As a teacher, can I refer students to my professional business?
August 12, 2013 10:37 AM   Subscribe

I teach writing to adults. When they ask me to edit something that's not for class (say, for their professional work), can I refer them to my private writing/editing business, even if they're currently enrolled in my class?

From time to time, a student will ask me if I can critique or edit a piece of writing that they are working on not for class—something for their job, usually. Typically, I have gently explained that I can't do extra, non-class work for free. But I also have a sideline business in freelance writing and editing, and obviously I'm interested in finding new work. So when a student approaches me with a proposed 'outside job,' can I say: 'I can't do this for free, but please check out my website where I list my services—you could hire me'? If that's unethical, I can't quite put my finger on why; on the other hand, I'm hesitating a bit, and I'm not sure why that is, either.

FWIW, these students generally aren't taking my classes for credit, nor will I have most of them for more than one term.
posted by toomuchkatherine to Work & Money (5 answers total) 1 user marked this as a favorite
Where do you teach? Your institution likely has a policy on this, or if not, someone who can advise you whether this is permissible under the institution's general policy and/or your employment contract, if any.
posted by Inspector.Gadget at 10:38 AM on August 12, 2013 [1 favorite]

Specifically, if you're teaching at a university, you want to search the policies for "conflict of interest" or "conflict of commitment." Or look for an office with those terms in the title.

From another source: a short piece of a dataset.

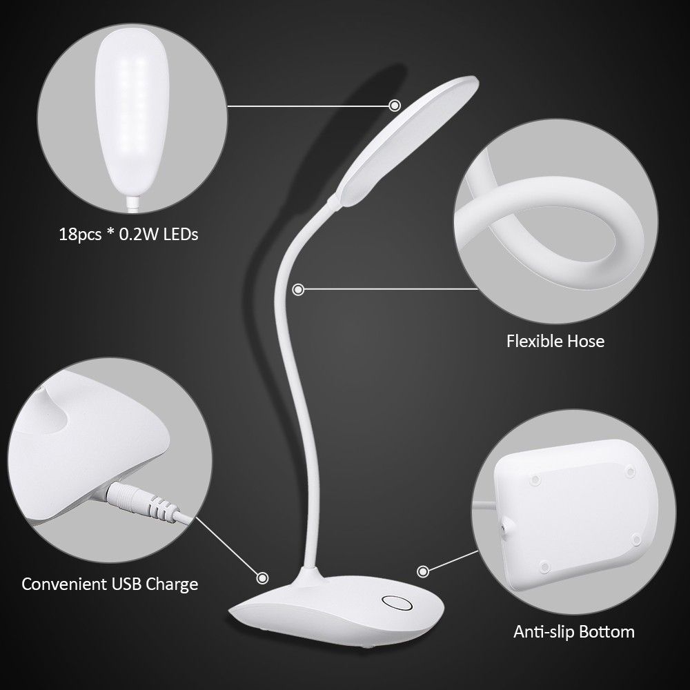 Multi-purpose ultralight LEDs desk lamp with 360 deg; rotatable hose make lighting more flexible. Uniform and soft LEDs lighting source can protect eyes, is portable for both indoor and outdoor use.

It may or may not be ethical; but chances are even if it's okay, you probably want an official sign-off from someone at your institution saying it's okay, to protect you later if you're ever accused of improper behavior.

For what it's worth, I work in such an office. Knowing next to nothing about your situation, my first reaction is that if you came to me I'd tell you it's not ethical to do this until after they are no longer your students. If your interaction with them in your business capacity goes wrong (they don't pay you; they say mean things about your critique; whatever) I'd have a concern about whether you might even unintentionally take it out on them in class or in their grading. I might let you do it with sign-off from your department head. Maybe. We'd have several conversations about it and you'd need to do some paperwork.

But that's our policy and our procedures. You need to find out what policy you're working under.
posted by Stacey at 10:45 AM on August 12, 2013 [2 favorites]

I think it is problematic while they are currently your students. It introduces the possibility for bribery/etc. I'd probably say something like, "Right now I'm your teacher and will only work on course-related material, but if you'd like to hire me after the course ends for outside writing, here's my website."
posted by vegartanipla at 10:46 AM on August 12, 2013 [13 favorites]

Yep, you're looking for potential conflicts of interest. Check your institution's policies for this sort of thing. If they are at all unclear (which they probably are), pose the same question to someone whose say-so carries weight, probably a dean of academic affairs or something of the sort. Get them to put what you can and can't do in writing (if they want to have a conversation, follow up the conversation with an email that says "Hey, I just wanted to confirm in writing the terms we discussed today, where you said XYZ is okay but ABC is a no-go." That way if any questions arise down the road you can hold up your authorization.
posted by craven_morhead at 10:58 AM on August 12, 2013

These are a few things that may help you to think about this:

-I have also worked in a teaching environment (some for credit, other stuff as a volunteer) and one strict policy that has been intact in most places is that you cannot directly provide services to current students. However, many places had a rule in place that you could offer tutoring or whatever services to people who were NOT in your class. So I think that a far more ethical way to do this would be to refer someone else in your department. Likewise, other people would refer you as pool of potential candidates. But this does seem unethical if you are offering your services to current students.

-Even if offering your services is not against your institution's rule/conflict of interest, I would not do it. Why? Your students may perceive favoritism, etc. (i.e. student A paid for something --- what if you answer more of student A's questions in class vs. student B and C?). You may be very fair, but do you want to do things that have students question whether you are being fair to them?

-If you offer your services to others who are not in your class, one additional benefit that you can offer is to edit and provide comments and/or teach them WHY to do it a certain way (in a comment box in tracked changes). If you were an editor who offered this skill to people learning to write/ESL, etc., I think that many people would want your services vs. others.